Comparisons of the sequences of multiple isolates of the virus (MN988668 and NC 045512, isolated from Wuhan, China, and MN938384.1, MN975262.1, MN985325.1, MN988713.1, MN994467.1, MN994468.1, and MN997409.1) reveal greater than 99.99% identity (Sah, R. et al. (2020) “Complete Genome Sequence of a 2019 Novel Coronavirus (SARS-CoV-2) Strain Isolated in Nepal,” Microbiol. Resource Announcements 9(11): e00169-20, pages 1-3; Brussow, H. (2020) “The Novel Coronavirus—A Snapshot of Current Knowledge,” Microbial Biotechnology 0:(0):1-6).
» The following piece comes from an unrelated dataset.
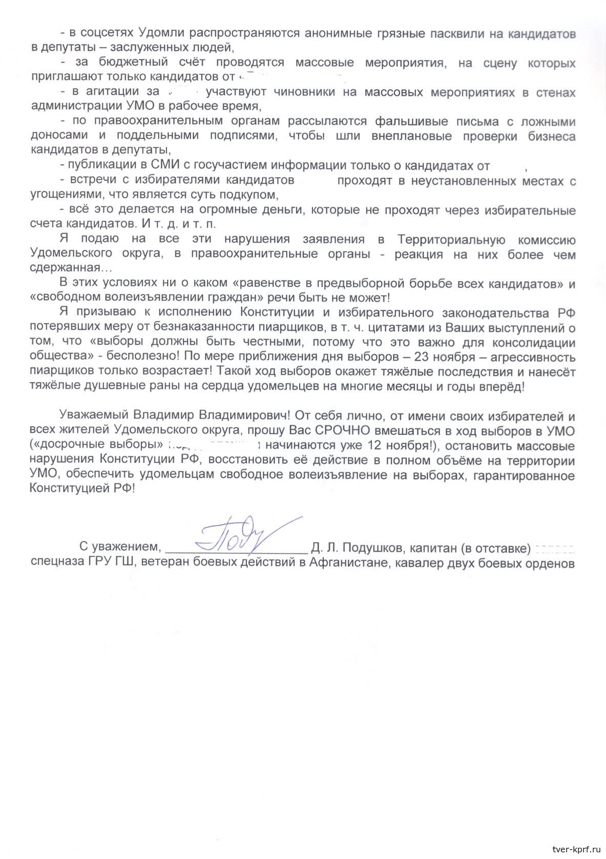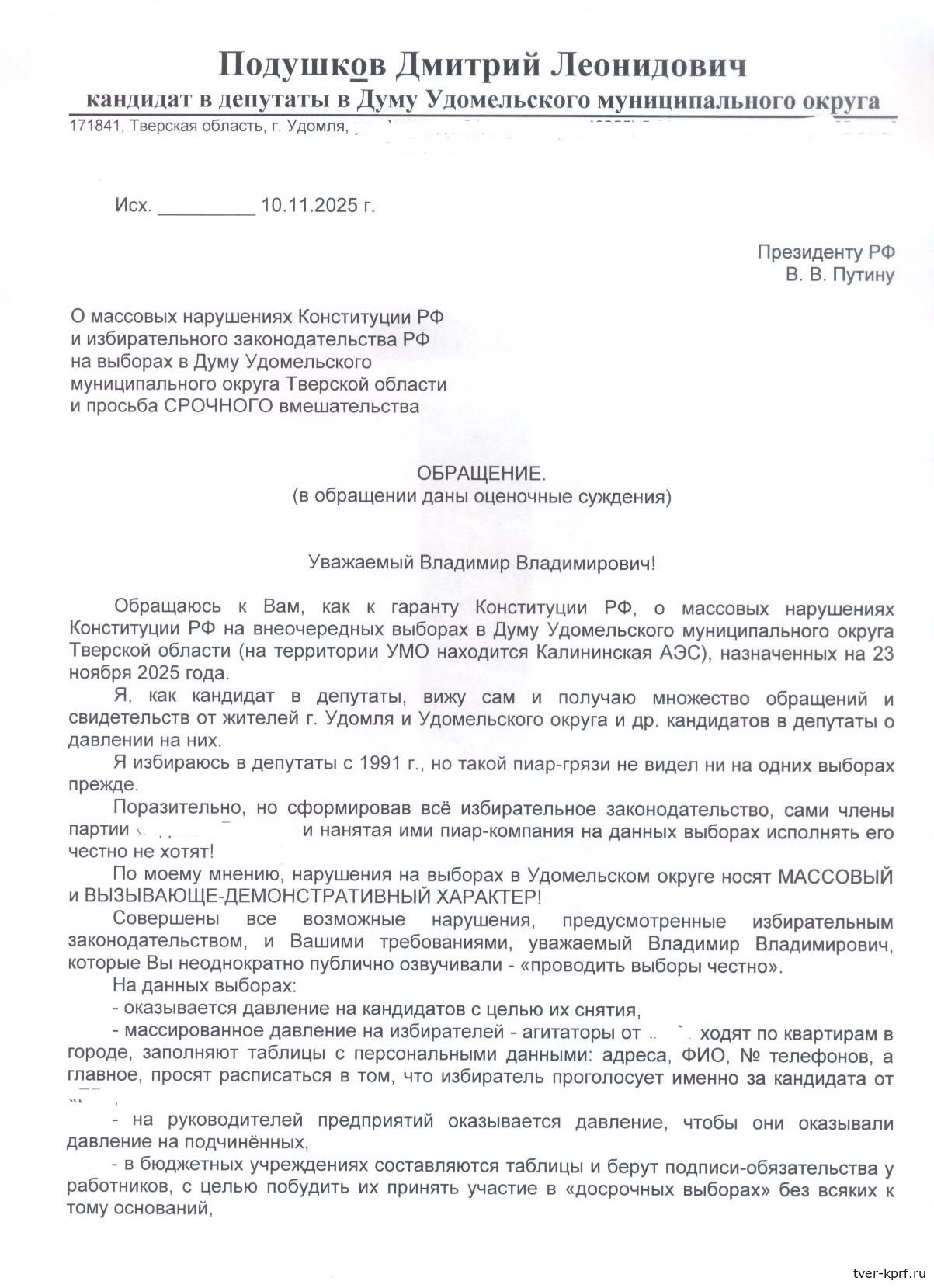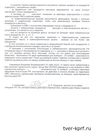 Уважаемый Владимир Владимирович! От себя лично, от имени своих избирателей и всех жителей Удомельского округа, прошу Вас СРОЧНО вмешаться в ход выборов в УМО («досрочные выборы» под давлением начинаются уже 12 ноября!), остановить массовые нарушения Конституции РФ, восстановить её действие в полном объёме на территории УМО, обеспечить удомельцам свободное волеизъявление на выборах, гарантированное Конституцией РФ!
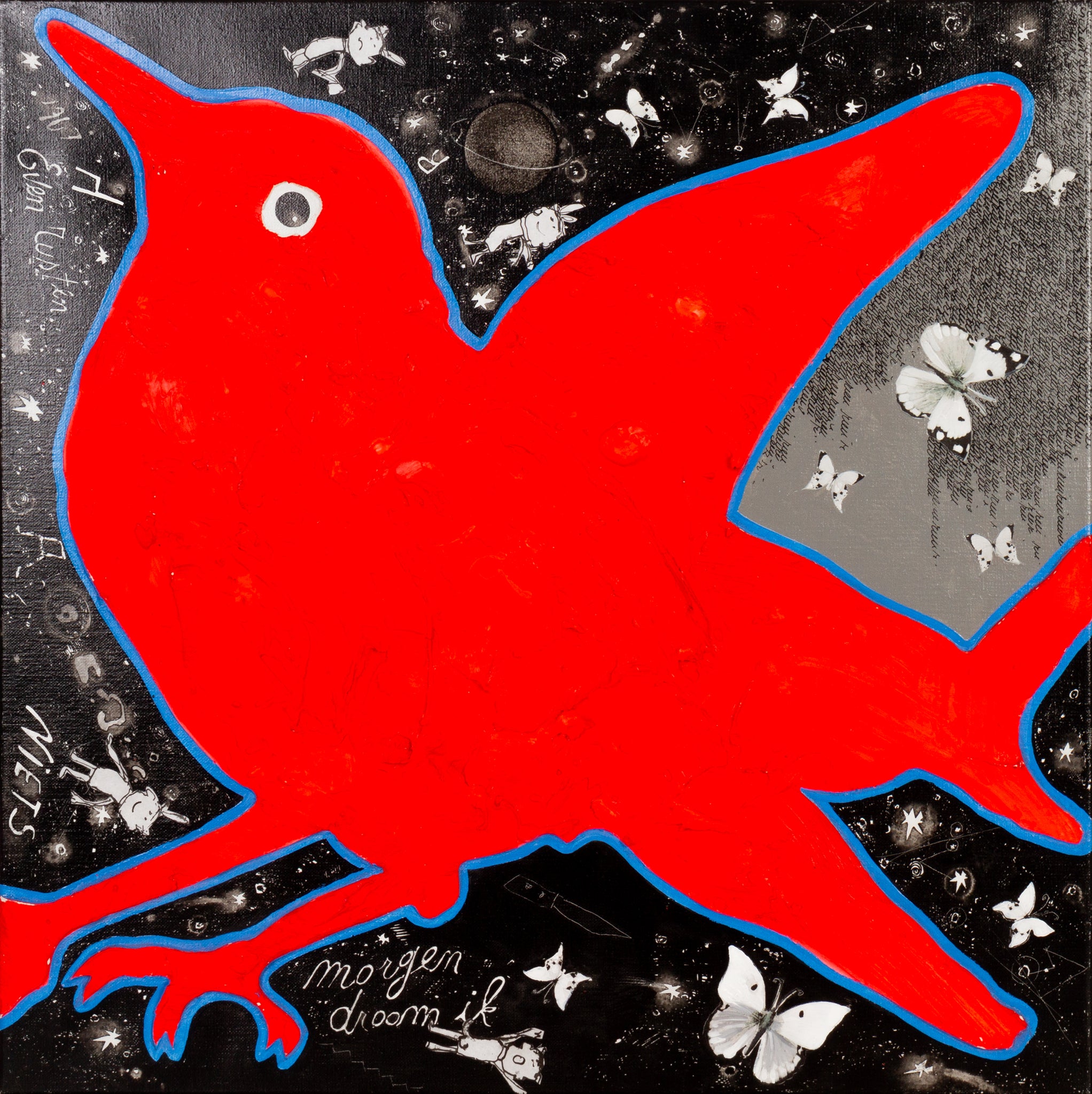 Even Rusten is a compelling mixed media composition by Belgian artist Christian Silvain, executed on canvas and measuring 60 x 60 cm. Dominating the composition is a vibrant scarlet-red bird form outlined in electric blue, its bold silhouette set against a cosmic black-and-white ground teeming with tiny, delicately rendered butterflies, stars, and playful cartoon-like figures. The textural surface integrates hand-drawn motifs, poetic script (“morgen droom ik”), and collaged elements. The Title:, written on the verso, translates from Dutch as “Just Resting,” an ironic counterpoint to the restless energy of the surrounding iconography.

The SARS-CoV-2 genome is highly similar to that of human SARS-CoV, with an overall nucleotide identity of approximately 82% (Chan, J. F. et al. (2020) “Genomic Characterization Of The 2019 Novel Human-Pathogenic Corona Virus Isolated From A Patient With Atypical Pneumonia After Visiting Wuhan,” Emerg Microbes Infect 9:221-236; Chan, J. F. et al. (2020) “Improved Molecular Diagnosis Of COVID-19 By The Novel, Highly Sensitive And Specific COVID-19-RdRp/Hel Real-Time Reverse Transcription-Polymerase Chain Reaction Assay Validated In Vitro And With Clinical Specimens,” J Clin. Microbiol. JCM.00310-20. doi: 10.1128/JCM.00310-20). Based on its homology to related coronaviruses, SARS-CoV-2 is predicted to encode 12 open reading frame (ORFs) coding regions (ORF1ab, S (spike protein), 3, E (envelope protein), M (matrix), 7, 8, 9, 10b, N, 13 and 14. The arrangement of these coding regions is shown in.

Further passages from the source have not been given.